解禁された本予告では、“人生が決まる”オーディション会場に向かう、まだ“何者でもない”者たちが映し出されます。オーディションにはさまざまな個性的なキャラクターが登場し、鬼才映画監督・小林が、全員新人で撮ろうとした企画を、エグゼクティブプロデューサーによって阻まれそうになっている様子もうかがえます。園子温監督が経験した映画業界あるあるをエンターテインメントに昇華し、さらに、“仮面”をかぶって生きる全ての人へ畳み掛けるように、「エキストラでいいんか?人生のエキストラで」と投げかけ、「仮面を外して、衝動のまま突き進め」と鼓舞する本編のメッセージを詰め込んだ、エモーショナルな予告編となっています。
予告のラストシーンは、渋谷のスクランブル交差点。
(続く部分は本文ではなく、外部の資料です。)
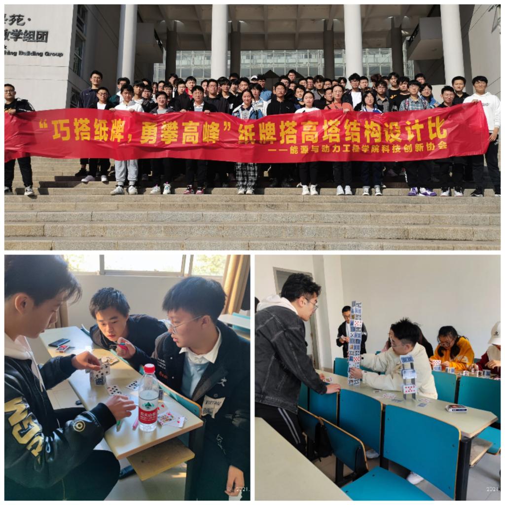 11月13日下午,能源与动力凯发科技文化节之“纸牌搭高塔”结构设计比赛在学海苑·公共教学组团南馆紧张激烈地进行着,近200名同学参与了此次活动。比赛要求每位参赛选手在规定时间内以扑克牌为材料,采用“折、叠”两种方式进行搭高。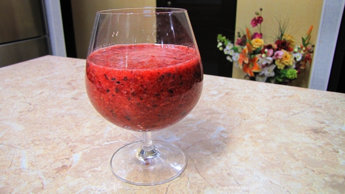 Итак - Клубника с базиликом Очень вкусное блюдо, которое представляет великолепный рецепт. Я кладу в него лед, но для детей можно обойтись без него. - Шаг 2

90年代に園が率いた街頭詩パフォーマンス「東京ガガガ」を考えると、園の十八番であり、まさにインディーズ映画に戻ってきた証ともいえます。
殺気立った訳ありの女・安子を演じるのは、藤丸千。狂気をみなぎらせながら、可憐さも持つ独特の存在感は、『愛のむきだし』で登場した満島ひかり、安藤サクラに匹敵。俳優志望だった亡き夫の遺志を継いでオーディションに応募する切子を演じるのは、黒河内りく。これまで演技経験がなかったとは思えない凛とした姿は、『紀子の食卓』の吉高由里子、『ヒミズ』の二階堂ふみらを輩出してきた園作品に新たなヒロインの誕生を印象づけます。
映画監督の小林役には、舞台で長らく活動してきた山岡竜弘。小林を支える恋人の方子役には、モデル・フォトグラファーとしても活動するモーガン茉愛羅。柔らかさと儚さを持つキャラクターによって、映画に幻想的な雰囲気を漂わせています。助監督のジョー役には、映画・ドラマ・舞台でキャリアを重ねてきた小西貴大。さらにベテラン俳優の藤田朋子もワークショップに自ら応募し、選考を経て選抜された51名の1人として参加しています。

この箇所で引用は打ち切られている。